*** Excerpted data ***

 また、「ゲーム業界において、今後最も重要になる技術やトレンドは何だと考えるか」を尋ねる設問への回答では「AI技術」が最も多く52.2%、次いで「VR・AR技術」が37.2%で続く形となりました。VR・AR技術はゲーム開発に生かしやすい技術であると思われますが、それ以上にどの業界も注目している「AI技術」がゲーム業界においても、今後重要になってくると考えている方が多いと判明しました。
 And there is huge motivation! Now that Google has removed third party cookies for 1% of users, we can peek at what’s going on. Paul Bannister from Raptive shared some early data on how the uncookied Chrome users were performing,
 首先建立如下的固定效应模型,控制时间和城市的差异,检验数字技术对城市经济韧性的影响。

*** End of Excerpted data ***
*** Excerpted data ***

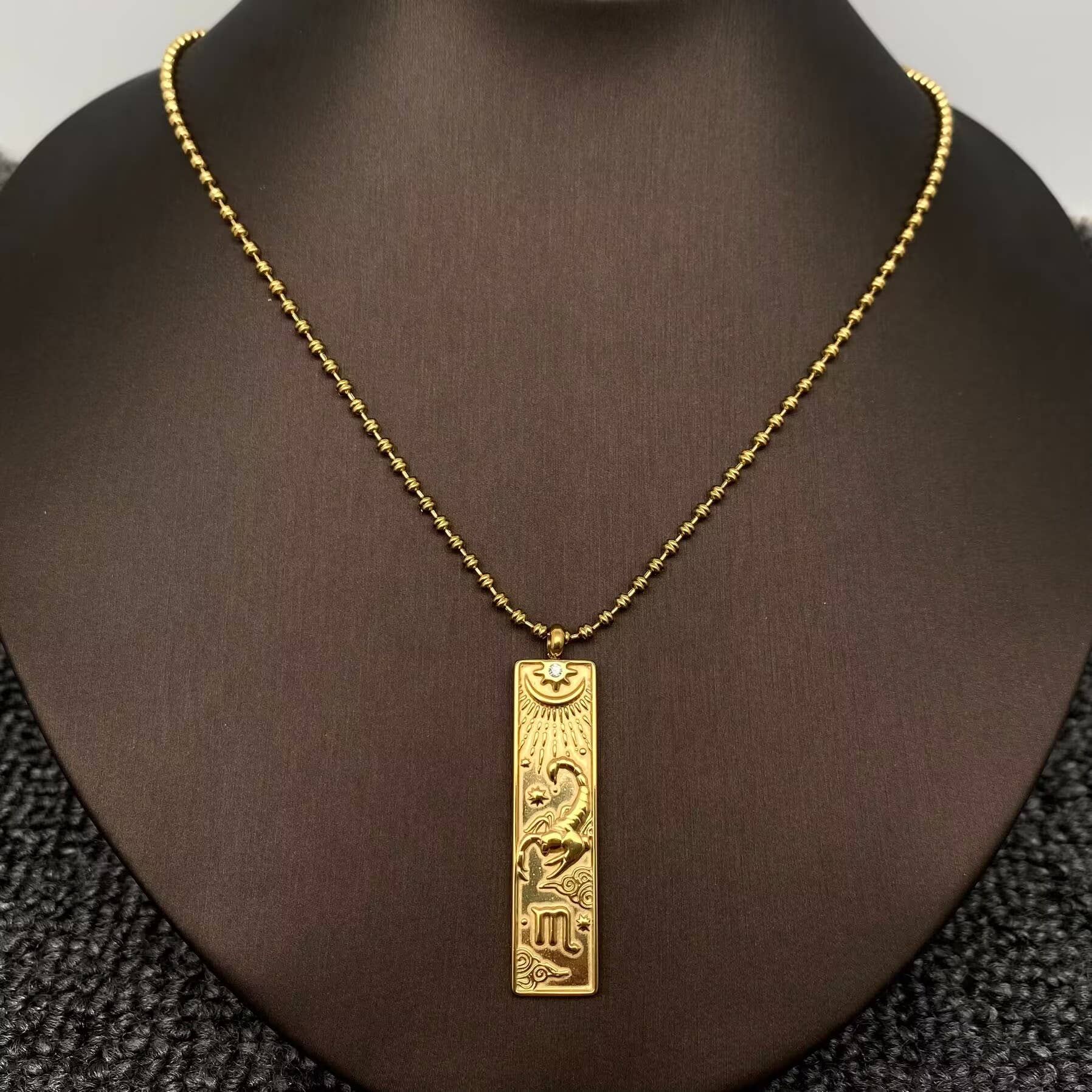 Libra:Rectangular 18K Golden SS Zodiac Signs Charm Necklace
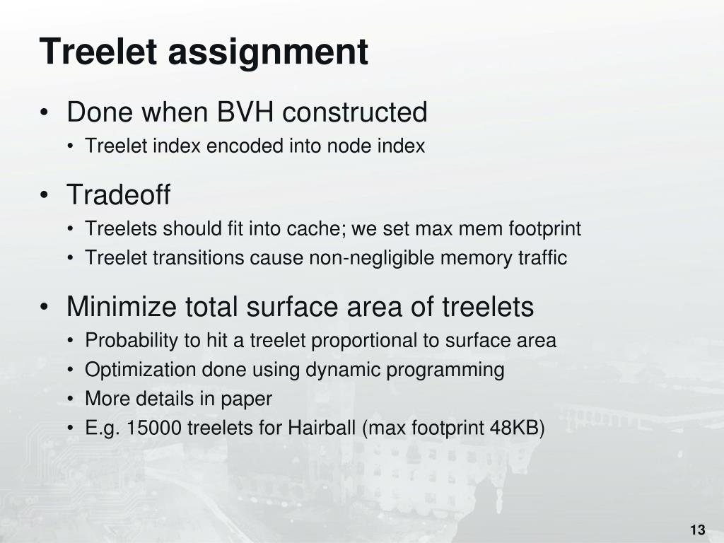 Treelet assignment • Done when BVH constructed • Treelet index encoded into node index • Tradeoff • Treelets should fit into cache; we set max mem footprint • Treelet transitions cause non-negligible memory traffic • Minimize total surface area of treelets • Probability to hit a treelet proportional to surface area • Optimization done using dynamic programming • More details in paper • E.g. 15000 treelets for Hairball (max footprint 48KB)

*** End of Excerpted data ***
*** Excerpted data ***

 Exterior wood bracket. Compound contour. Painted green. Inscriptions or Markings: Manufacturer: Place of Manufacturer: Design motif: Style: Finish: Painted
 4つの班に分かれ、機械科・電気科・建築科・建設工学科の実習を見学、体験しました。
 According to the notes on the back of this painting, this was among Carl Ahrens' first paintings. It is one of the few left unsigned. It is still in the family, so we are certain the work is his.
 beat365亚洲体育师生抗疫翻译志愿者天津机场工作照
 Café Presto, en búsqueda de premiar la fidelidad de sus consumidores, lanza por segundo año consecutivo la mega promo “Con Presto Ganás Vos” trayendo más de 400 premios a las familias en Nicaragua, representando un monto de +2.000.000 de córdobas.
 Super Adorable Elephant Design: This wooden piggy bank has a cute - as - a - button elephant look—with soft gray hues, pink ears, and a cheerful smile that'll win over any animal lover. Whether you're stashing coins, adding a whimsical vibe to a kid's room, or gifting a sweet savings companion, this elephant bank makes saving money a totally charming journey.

*** End of Excerpted data ***

Please output the lines of the listing above that fall in the stretch from the one with "beat365亚洲体育师生抗疫翻译志愿者天津机场工作照" through the one with "Super Adorable Elephant", exactly and only those.

» **Answer to this exercise**
 beat365亚洲体育师生抗疫翻译志愿者天津机场工作照
 Café Presto, en búsqueda de premiar la fidelidad de sus consumidores, lanza por segundo año consecutivo la mega promo “Con Presto Ganás Vos” trayendo más de 400 premios a las familias en Nicaragua, representando un monto de +2.000.000 de córdobas.
 Super Adorable Elephant Design: This wooden piggy bank has a cute - as - a - button elephant look—with soft gray hues, pink ears, and a cheerful smile that'll win over any animal lover. Whether you're stashing coins, adding a whimsical vibe to a kid's room, or gifting a sweet savings companion, this elephant bank makes saving money a totally charming journey.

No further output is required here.